What is a Unicode code point?

A code point is the numeric identity Unicode assigns to a character, written like U+0041 for the letter A. It is independent of how the character is stored in bytes, which is what UTF-8 or UTF-16 decide.

Does it handle emoji and astral characters?

Yes. The tool iterates real code points, so a character above U+FFFF such as an emoji is reported as a single code point rather than as the two UTF-16 surrogate halves.

What is the difference between a code point and a code unit?

A code unit is a fixed-size storage piece — 16 bits in UTF-16, 8 bits in UTF-8. A single code point can need several code units. This tool reports code points, the logical characters.

Which notation should I use?

Use U+XXXX for documentation and Unicode references, hexadecimal 0x form for many programming contexts, and decimal when an API or data format expects raw integers.

Why do some characters show as combined?

Some visible glyphs are made of a base character plus combining marks, each its own code point. The tool lists each code point separately, which is the accurate low-level view even if they render as one symbol.

What is the UTF-8 to Unicode Code Points?

Convert any UTF-8 text into a list of Unicode code points in U+XXXX, hexadecimal or decimal notation. Correctly handles emoji and astral characters via real code-point iteration, not UTF-16 code units. Free and instant. It runs free in your browser on Gera Tools, with nothing uploaded.

UTF-8 to Unicode Code Points

Name: UTF-8 to Unicode Code Points
Creator: Gera Tools
License: https://creativecommons.org/licenses/by/4.0/

From text to code points

This tool breaks a string into the individual Unicode code points behind it. Where a byte-counter cares about storage and an editor cares about glyphs, this view shows the logical characters Unicode actually assigns numbers to — useful when debugging encoding issues, building escape sequences, or inspecting mysterious whitespace.

How it works

JavaScript strings are stored as UTF-16, so a naive character loop would split astral characters (anything above U+FFFF, like most emoji) into two surrogate halves. To avoid that, the tool iterates the string with a code-point-aware loop and reads each character’s codePointAt(0). Each value is then formatted in the notation you choose:

U+XXXX  -> "U+" + hex, upper-case, zero-padded to 4 digits
0x form -> "0x" + hex
decimal -> the plain integer

For example the earth emoji is the single code point U+1F30D, not the surrogate pair U+D83C U+DF0D that UTF-16 would store it as.

Practical uses

Debugging escape sequences in code. When writing a Python \uXXXX escape, a Java string literal with \uXXXX, or a CSS content: "\XXXX" value, you need the U+XXXX notation. Paste the character here to get the exact code-point number rather than guessing from a Unicode chart.

Identifying invisible characters. Zero-width spaces (U+200B), zero-width non-joiners (U+200C), left-to-right marks (U+200E), and various other invisible code points can cause mysterious string-equality failures in code. Pasting suspect text here lists every code point, making invisible characters visible.

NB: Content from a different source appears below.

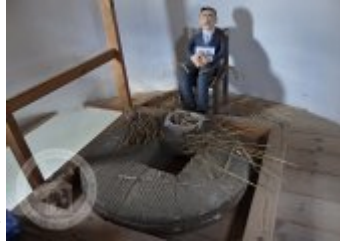
Současné fotografie - technologické vybavení

Understanding emoji composition. Many emoji that appear as a single glyph are actually sequences of multiple code points: a base emoji followed by a modifier or skin-tone selector (U+1F3FB through U+1F3FF), or a family emoji built from multiple people characters joined by zero-width joiners (U+200D). This tool shows each code point separately, which is the accurate representation even when the renderer collapses them into one symbol.

Generating JSON or XML escape sequences. JSON requires \uXXXX escapes for non-ASCII characters in some contexts (especially characters above U+FFFF, which need two \u surrogate escapes in JSON). The U+XXXX output from this tool maps directly to those values.

When visible character count differs from code-point count

A Thai vowel mark, a Hebrew dagesh, a combining accent, or a diacritic in Latin script are all separate code points that appear to modify the preceding base character. Paste é composed with a combining acute accent (as opposed to the precomposed U+00E9) and the tool lists two code points: e (U+0065) followed by the combining acute accent (U+0301). This is the NFD (Normalization Form D) decomposed representation. The NFC precomposed form packs them into a single U+00E9. String comparison bugs often arise from mixing NFD and NFC forms — seeing the code points directly makes it obvious why two strings that look identical are not equal.

Tips

If a single visible symbol reports as several code points, it is almost certainly a base letter plus combining diacritical marks, or an emoji built from a zero-width-joiner sequence — both are legitimate multi-code-point clusters. Use the U+XXXX notation when writing documentation or looking characters up in the Unicode charts, and decimal when feeding an API that expects integers. To go the other way, use the companion code-points-to-UTF-8 tool.